Problem details: Only the lines from the beginning of the data through the one with "Classic Wooden Violin" belong in the answer, each retyped exactly, with pictures left out.

===

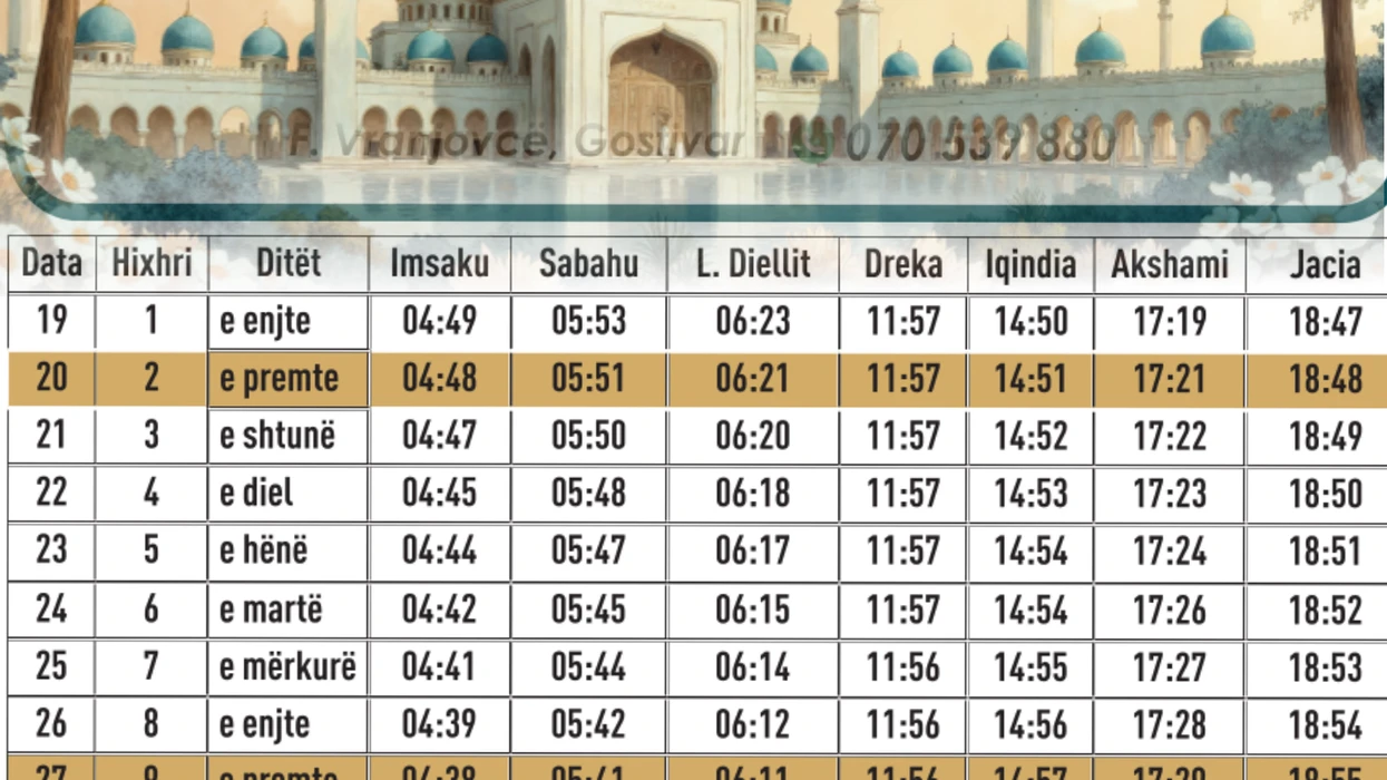 Imsakija e Ramazanit 2026 në Maqedoninë e Veriut është publikuar dhe përfshin oraret e sakta të syfyrit, iftarit dhe namazeve për besimtarët myslimanë në të gjithë vendin. Sipas imsakis, muaji i shenjtë i Ramazanit nis të enjten, më 19 shkurt 2026.
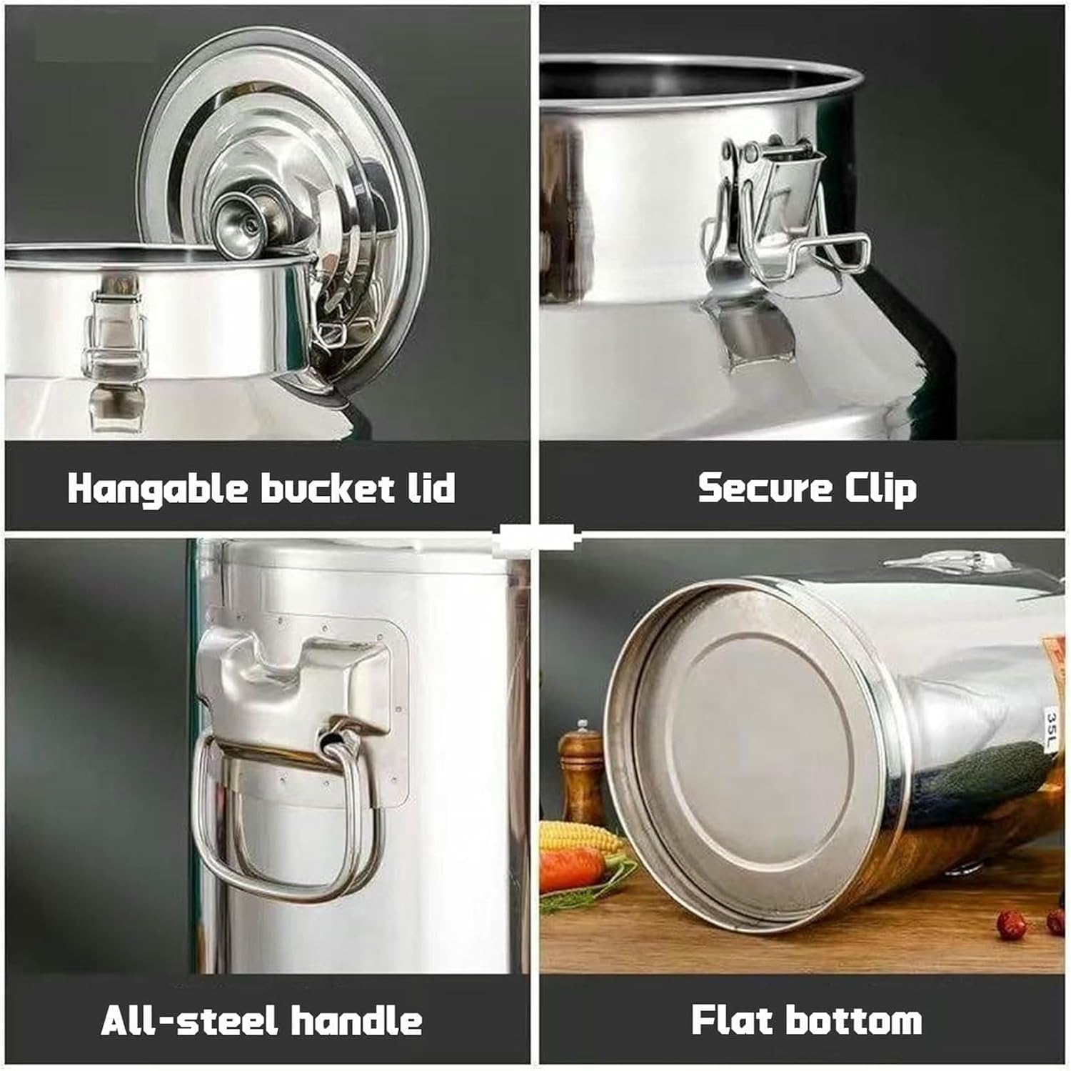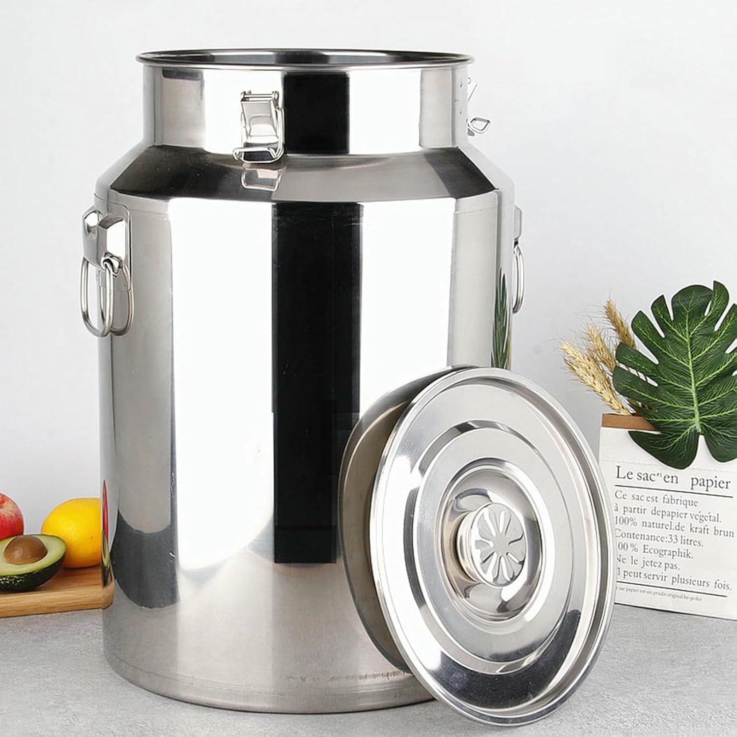 Want to carry a lot of drinks during a picnic but can't find a reliable container, or in the home kitchen, the container for storing liquids is always ineffective and makes you annoyed Don't worry, this stainless steel milk bucket is definitely your savior!This stainless steel milk pail is carefully crafted from high-quality stainless steel, which is sturdy and durable. Whether it is frequently used in the daily home kitchen or undergoes bumpy transportation during many picnic trips, it can handle it with ease.Shape: Cylinder Material: stainless steel Surface treatment: polished Gasket Material: Silicone Product use: can store rice, citrus peels, tea, grains, cooking oil, milk, etc. Use scene: home kitchen, restaurant, hotel, etc.Package Included: 1 x Stainless steel milk pailThis is the perfect solution for safely transporting milk, honey, oil and other liquids.
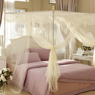 【Yeecool】3門花之緣落地式無拉鍊米紗(加粗螺旋不鏽鋼落地支架6-7king床蚊帳)
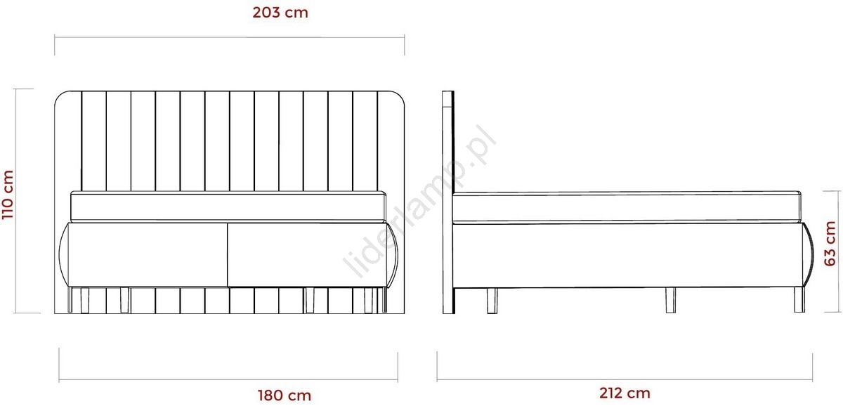 • Wysokie wezgłowie z pionowym pikowaniem dodaje łóżku wyrafinowanego akcentu, zapewnia dyskretne, lecz wygodne podparcie pleców.
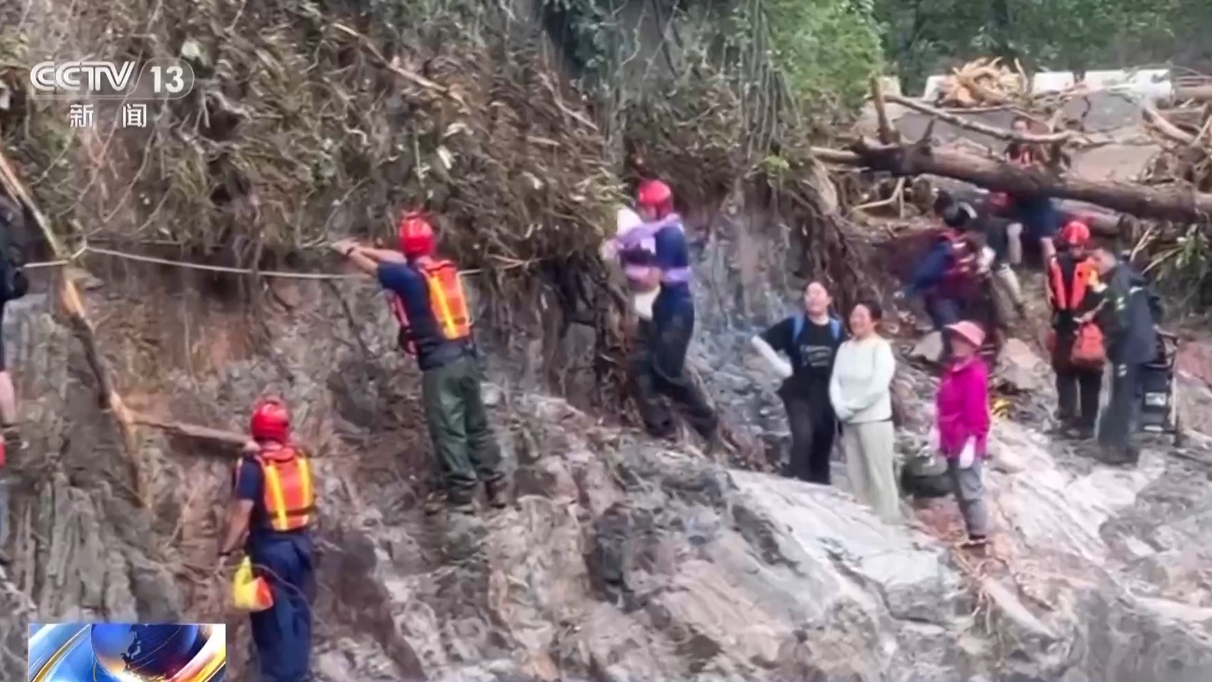 渡過(guò)斷橋還有斷路,這段路需要攀崖壁而行,隊(duì)員們拉起繩索,有自主行動(dòng)能力的被困群眾,緊抓繩索,小心沿懸崖邊緣艱難通行;對(duì)于行動(dòng)不便的老人、兒童和傷員,救援人員將他們一個(gè)個(gè)背負(fù)過(guò)險(xiǎn)段。
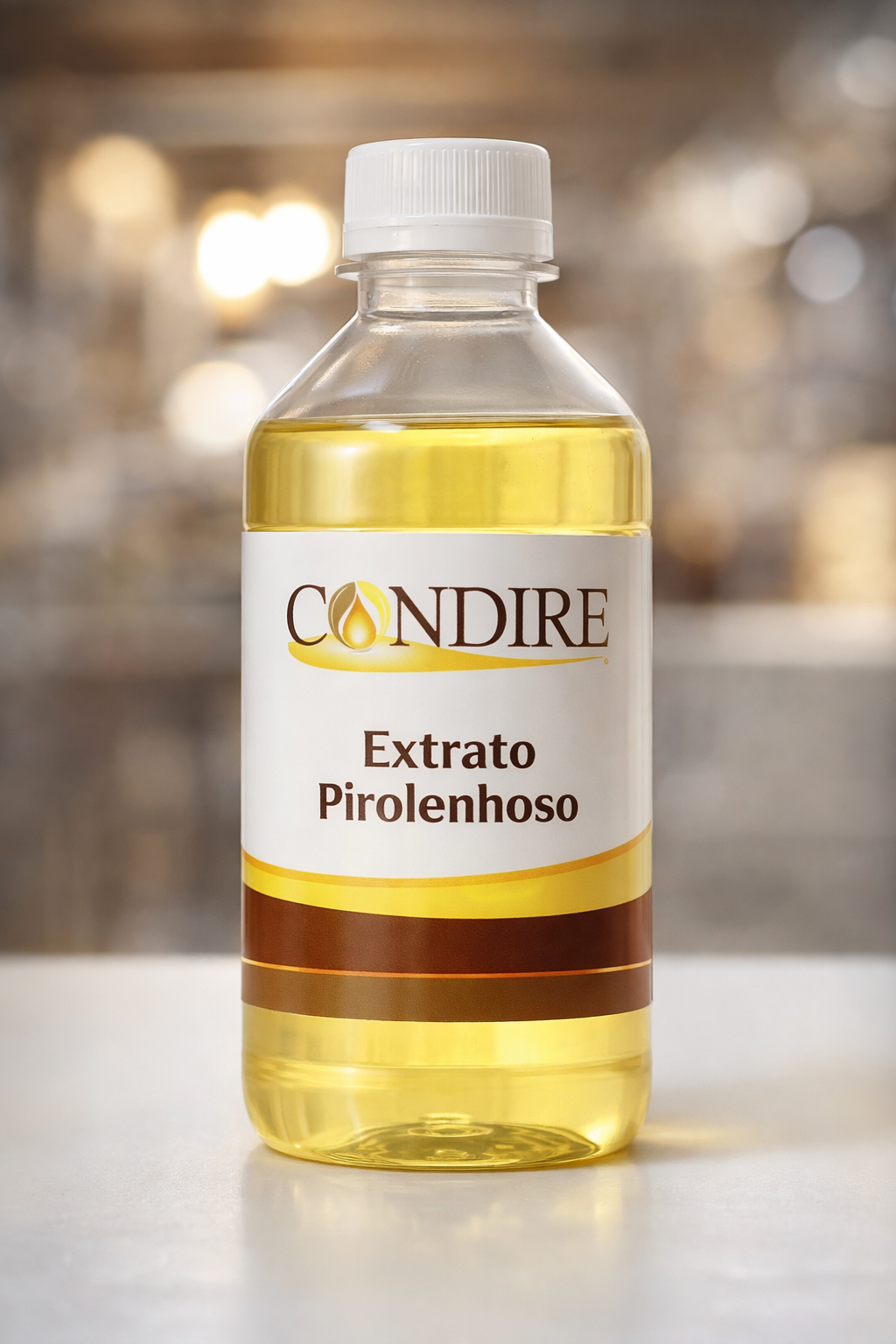 O Extrato Pirolenhoso CONDIRE é um composto líquido de origem vegetal obtido por processo controlado de condensação de madeira de reflorestamento, resultando em uma solução rica em ácidos orgânicos, compostos fenólicos e aldeídos naturais.
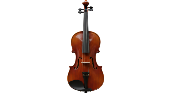 Classic Wooden Violin Instrument Isolated on White or Transparent PNG, Elegant Musical String Equipment
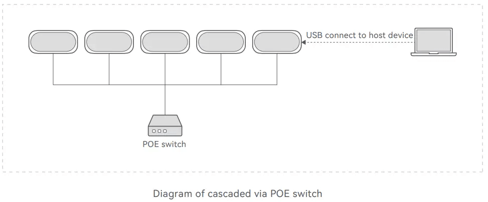 - Компьютер подключается к одному из спикерфонов через USB, подключенный спикерфон становится “главным устройством” (Master), а другие каскадированные спикерфоны становятся “подчиненными” (Slave).
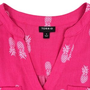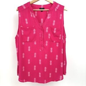 Torrid Harper Pink Pineapples Sleeveless Pullover Gauze Blouse Size 1 (XL) in excellent preowned condition
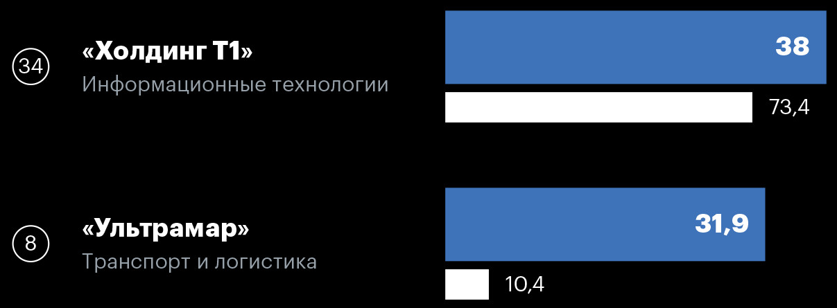 Самая большая прибыль в нынешнем РБК 50 — у IT-группы «Холдинг Т1» (₽73,4 млрд). Группа также является самой рентабельной компанией рейтинга с показателем маржинальности чистой прибыли 38%.
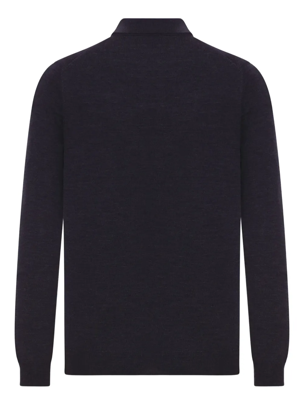 Черная рубашка поло с длинными рукавами, воротником-поло, застежкой на пуговицы, прямым подолом.

===

Finished task:
 Imsakija e Ramazanit 2026 në Maqedoninë e Veriut është publikuar dhe përfshin oraret e sakta të syfyrit, iftarit dhe namazeve për besimtarët myslimanë në të gjithë vendin. Sipas imsakis, muaji i shenjtë i Ramazanit nis të enjten, më 19 shkurt 2026.
 Want to carry a lot of drinks during a picnic but can't find a reliable container, or in the home kitchen, the container for storing liquids is always ineffective and makes you annoyed Don't worry, this stainless steel milk bucket is definitely your savior!This stainless steel milk pail is carefully crafted from high-quality stainless steel, which is sturdy and durable. Whether it is frequently used in the daily home kitchen or undergoes bumpy transportation during many picnic trips, it can handle it with ease.Shape: Cylinder Material: stainless steel Surface treatment: polished Gasket Material: Silicone Product use: can store rice, citrus peels, tea, grains, cooking oil, milk, etc. Use scene: home kitchen, restaurant, hotel, etc.Package Included: 1 x Stainless steel milk pailThis is the perfect solution for safely transporting milk, honey, oil and other liquids.
 【Yeecool】3門花之緣落地式無拉鍊米紗(加粗螺旋不鏽鋼落地支架6-7king床蚊帳)
 • Wysokie wezgłowie z pionowym pikowaniem dodaje łóżku wyrafinowanego akcentu, zapewnia dyskretne, lecz wygodne podparcie pleców.
 渡過(guò)斷橋還有斷路,這段路需要攀崖壁而行,隊(duì)員們拉起繩索,有自主行動(dòng)能力的被困群眾,緊抓繩索,小心沿懸崖邊緣艱難通行;對(duì)于行動(dòng)不便的老人、兒童和傷員,救援人員將他們一個(gè)個(gè)背負(fù)過(guò)險(xiǎn)段。
 O Extrato Pirolenhoso CONDIRE é um composto líquido de origem vegetal obtido por processo controlado de condensação de madeira de reflorestamento, resultando em uma solução rica em ácidos orgânicos, compostos fenólicos e aldeídos naturais.
 Classic Wooden Violin Instrument Isolated on White or Transparent PNG, Elegant Musical String Equipment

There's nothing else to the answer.